From a practical perspective, the parties engaged in negotiation may be placed in two scenarios: either they sign a convention regulating the pre-contractual phase, case in which, they may be subject to contractual liability in case of a breach or they conduct negotiations outside a contractual frame, which gives them the right to claim damages in tort.
Trust and Fairness
By commencement of preliminary negotiations, a relation of trust and reciprocal fairness by either party are established.
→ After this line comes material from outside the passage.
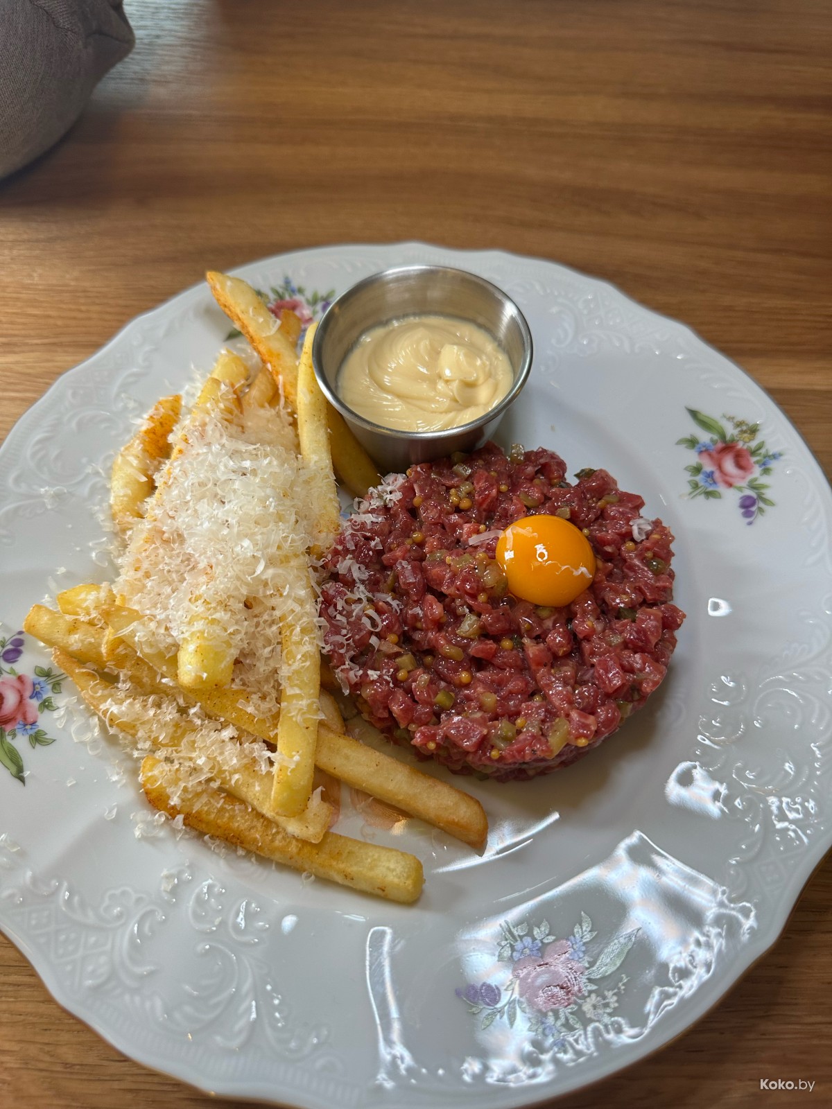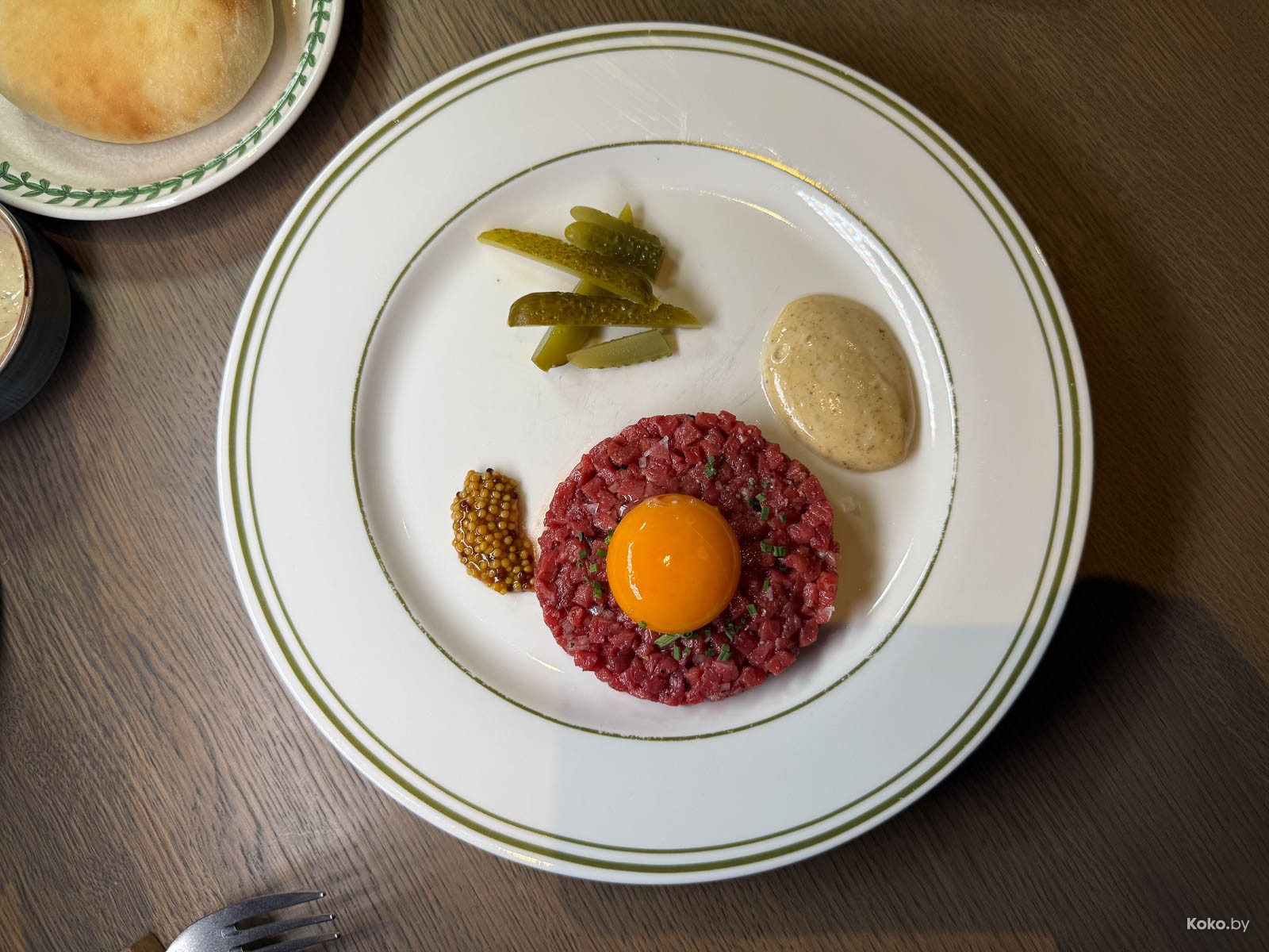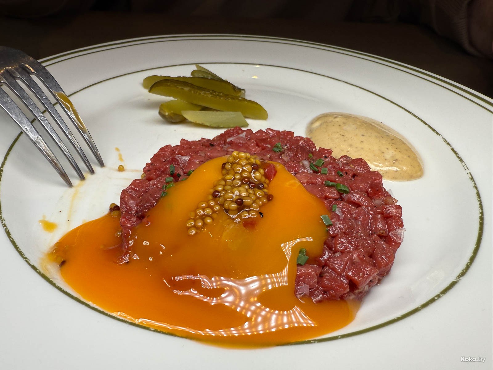 1. Лихо нарубили тартар из говядины с фри за 28р, огурчик, чтобы занюхнуть? Как с картинки, гармоничная заправка, мелкий прохладный кубик, на размер куриного желтка нужно больше мяса. Вкусно.

This is why the law prevents certain behaviours underlying pre-contractual bad-faith, namely:
- initiating or continuing negotiations in absence of the intent to conclude the final contract (Article 1183 paragraph 3 of the New Civil Code),
- sudden termination of negotiations (Article 1183 paragraph 4 of the New Civil Code),
- breaching the confidentiality obligation by disclosing or using for one’s interest the confidential information obtained during negotiations by the other party (Article 1184 of the New Civil Code).
Although the failure to negotiate does not represent a tort per se, the failure to conclude an agreement might cause damages to one of the parties engaged in negotiations, if the negotiation process was conducted in bad-faith.
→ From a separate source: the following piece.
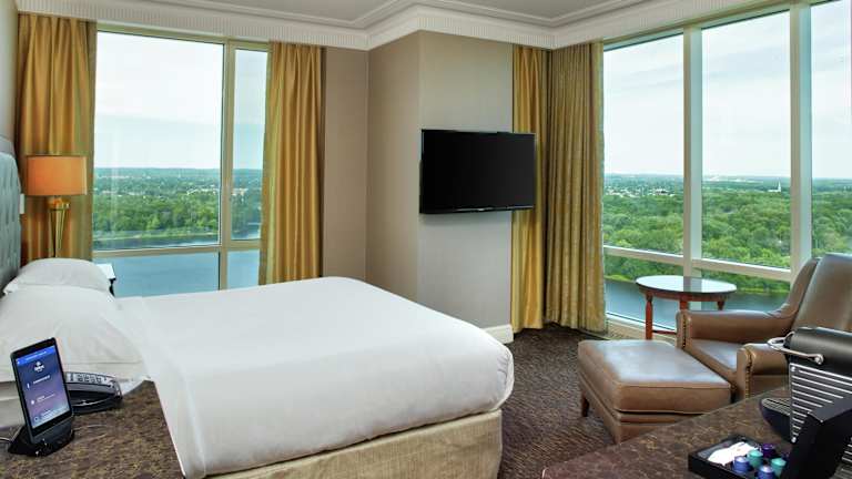 Das Hotel Hilton Lac Leamy bietet eine elegante Architektur und verfügt über insgesamt 349 Nichtraucherzimmer. Gäste profitieren von einer freundlichen Rezeption, die bei allen Fragen behilflich ist. Zur Ausstattung gehören unter anderem eine Garderobe, Gepäckaufbewahrung, Safe, Wechselstube, Geldautomat und Getränkeautomat. Internetzugang steht über Wifi zur Verfügung. Auch behindertengerechte Annehmlichkeiten sind vorhanden. Ein heimeliger Kamin und diverse Geschäfte bereichern das Angebot. Für gastronomische Zwecke steht ein Restaurant, ein Café und eine Bar bereit.

To this end, the courts of law will need to look to the facts of the case and search for proofs of false intelligence, formal negotiations and lack of intention to reach an agreement or the creation of an appearance of negotiations where there is no chance for conclusion of contract.
A Case Law Approach
A well-established approach of the courts is to check the reasonableness and fairness of the parties when negotiating, entering into and performing a contract. That means that parties may not be solely driven by self-interest but must take each other’s interests into account in determining their actions.
Courts of law ruled that in some decisions that, although the principle of contractual freedom represents the foundation of the legal assessment of the negotiation process, this liberty cannot be practically ensured unless the parties can be held liable for breaching the negotiations in bad faith and without any reasonable justification. In case the negotiations are in an advanced state and the other party has legitimate expectations as to the finalisation of the agreement, termination of the negotiations may no longer be permitted without compensating the other party. The scope of compensation is to put the injured party in the same position as that in which he or she would have been put by full performance of the contract.
Direct damages and the loss of a chance
Fault, if proven, may lead to serious harm to individual autonomy and commerce flourish. The pre-contractual prejudice that is caused by the unfair negotiations is generally a direct, effective monetary damage, namely, a loss in value of the other party’s performance. To this, loss of profit might be added together with moral damages. In all cases, these damages must be proven in order to be certain. In order to establish the damage, the status of the negotiations must be considered as well as all external relevant circumstances.
The New Civil Code sets forth the right of the injured party to recover damages in the form of loss of a chance both in case of contractual liability (Article 1532 paragraph 2) and in case of torts (Article 1385 paragraph 4). Also, in the pre-contractual phase (e.g, initiating, continuing or terminating negotiations against the principle of good-faith), Article 1183 paragraph 4 covers the possibility to seek the recovery of the costs or expenses incurred in relation with the negotiations (damnum emergens) and the prejudice deriving from waiver to other offers/loss of a chance (lucrum cessans).
To sum up, the Romanian Civil Code of 2011 was an important step for regulating the parties relationship in pre-contractual phase and the negotiation process. The obligation to observe the principle of good-faith during negotiations, recognised by the doctrine in the past, has been turned into an imperative norm. Given the risk of being compelled to damages, one may expect that the conduct of the parties engaged in negotiations will be in line with the new principle of good faith, reasonableness and fairness.